Exercise |
Transcribe the entries below exactly, starting with the line that has "截至2021年12月31日,小米AIoT" and stopping after the line that has "Banner elegante y"; no pictures belong in the copy.

Segment Start: Material for the task

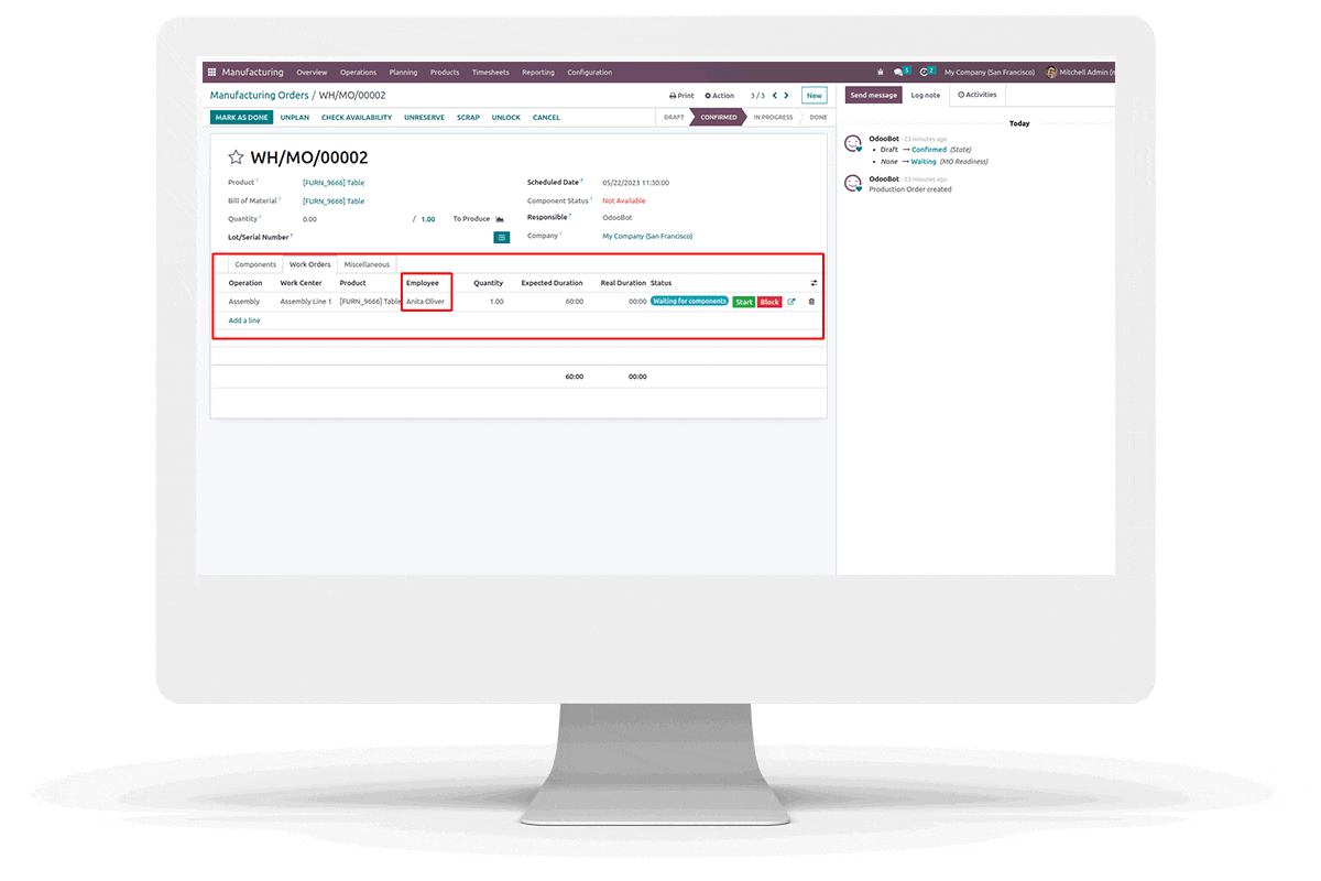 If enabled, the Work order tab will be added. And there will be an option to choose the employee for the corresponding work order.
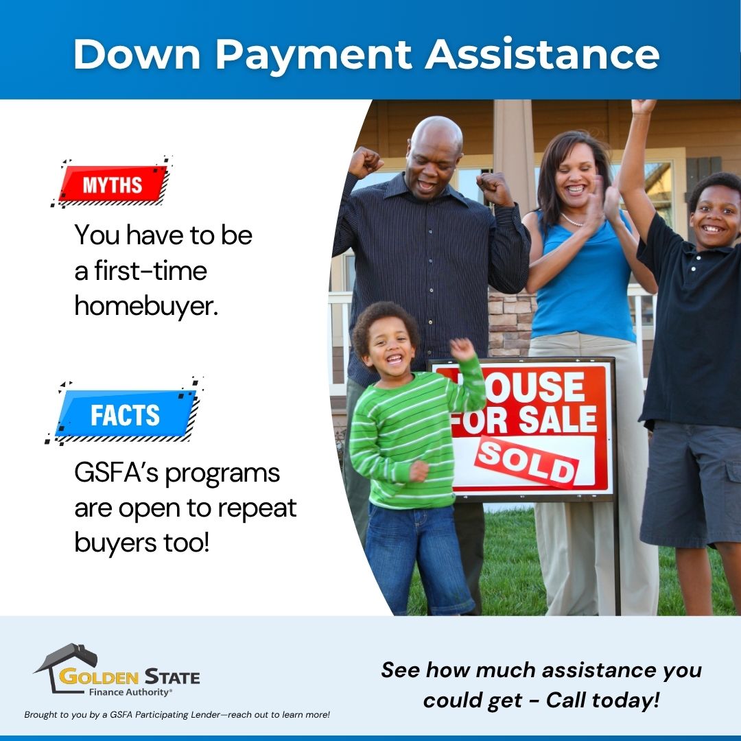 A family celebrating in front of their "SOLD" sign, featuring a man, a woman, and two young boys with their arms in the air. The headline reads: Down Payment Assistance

Segment End: Material for the task
Segment Start: Material for the task

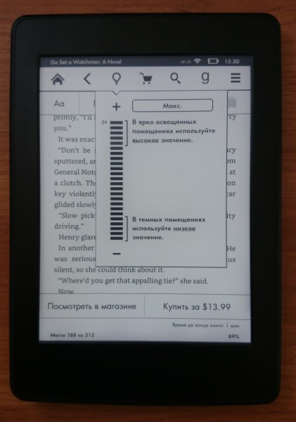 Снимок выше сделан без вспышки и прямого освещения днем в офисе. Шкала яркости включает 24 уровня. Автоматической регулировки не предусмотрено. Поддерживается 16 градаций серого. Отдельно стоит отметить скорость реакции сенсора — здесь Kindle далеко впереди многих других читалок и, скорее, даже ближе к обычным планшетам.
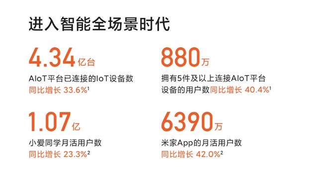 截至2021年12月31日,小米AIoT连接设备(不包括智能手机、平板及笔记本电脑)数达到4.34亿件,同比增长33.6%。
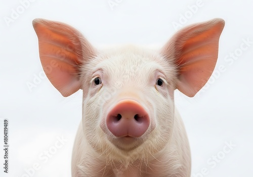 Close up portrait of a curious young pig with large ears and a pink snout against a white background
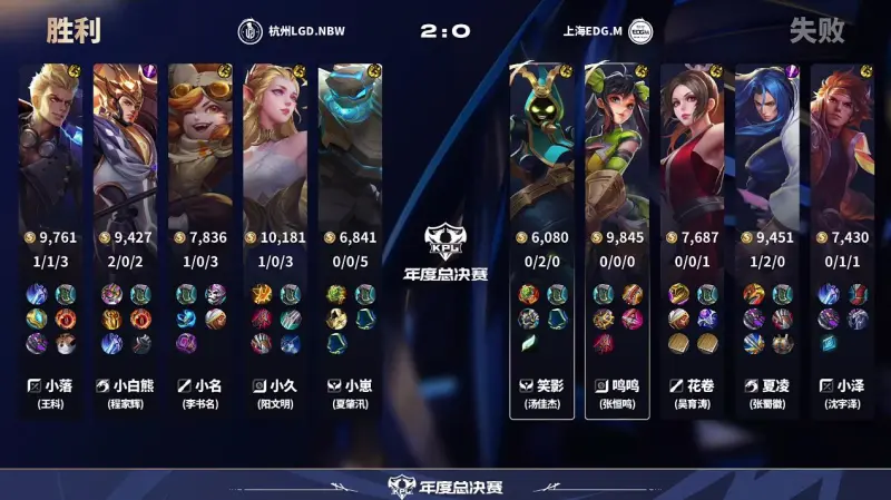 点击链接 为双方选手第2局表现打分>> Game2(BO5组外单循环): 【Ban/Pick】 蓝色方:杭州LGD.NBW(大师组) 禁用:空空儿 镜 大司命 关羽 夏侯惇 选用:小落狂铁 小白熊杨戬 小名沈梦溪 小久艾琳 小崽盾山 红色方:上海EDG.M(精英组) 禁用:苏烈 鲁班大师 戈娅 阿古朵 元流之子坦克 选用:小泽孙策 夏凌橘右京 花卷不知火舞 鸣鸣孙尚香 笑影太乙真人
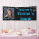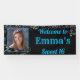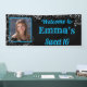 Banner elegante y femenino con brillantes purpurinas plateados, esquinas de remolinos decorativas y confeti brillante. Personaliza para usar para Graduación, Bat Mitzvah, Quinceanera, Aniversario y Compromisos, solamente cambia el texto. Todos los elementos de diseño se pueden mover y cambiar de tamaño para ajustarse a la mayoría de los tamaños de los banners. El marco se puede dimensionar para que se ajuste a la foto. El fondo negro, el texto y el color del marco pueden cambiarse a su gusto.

Segment End: Material for the task

Completed exercise |
 截至2021年12月31日,小米AIoT连接设备(不包括智能手机、平板及笔记本电脑)数达到4.34亿件,同比增长33.6%。
 Close up portrait of a curious young pig with large ears and a pink snout against a white background
 点击链接 为双方选手第2局表现打分>> Game2(BO5组外单循环): 【Ban/Pick】 蓝色方:杭州LGD.NBW(大师组) 禁用:空空儿 镜 大司命 关羽 夏侯惇 选用:小落狂铁 小白熊杨戬 小名沈梦溪 小久艾琳 小崽盾山 红色方:上海EDG.M(精英组) 禁用:苏烈 鲁班大师 戈娅 阿古朵 元流之子坦克 选用:小泽孙策 夏凌橘右京 花卷不知火舞 鸣鸣孙尚香 笑影太乙真人
 Banner elegante y femenino con brillantes purpurinas plateados, esquinas de remolinos decorativas y confeti brillante. Personaliza para usar para Graduación, Bat Mitzvah, Quinceanera, Aniversario y Compromisos, solamente cambia el texto. Todos los elementos de diseño se pueden mover y cambiar de tamaño para ajustarse a la mayoría de los tamaños de los banners. El marco se puede dimensionar para que se ajuste a la foto. El fondo negro, el texto y el color del marco pueden cambiarse a su gusto.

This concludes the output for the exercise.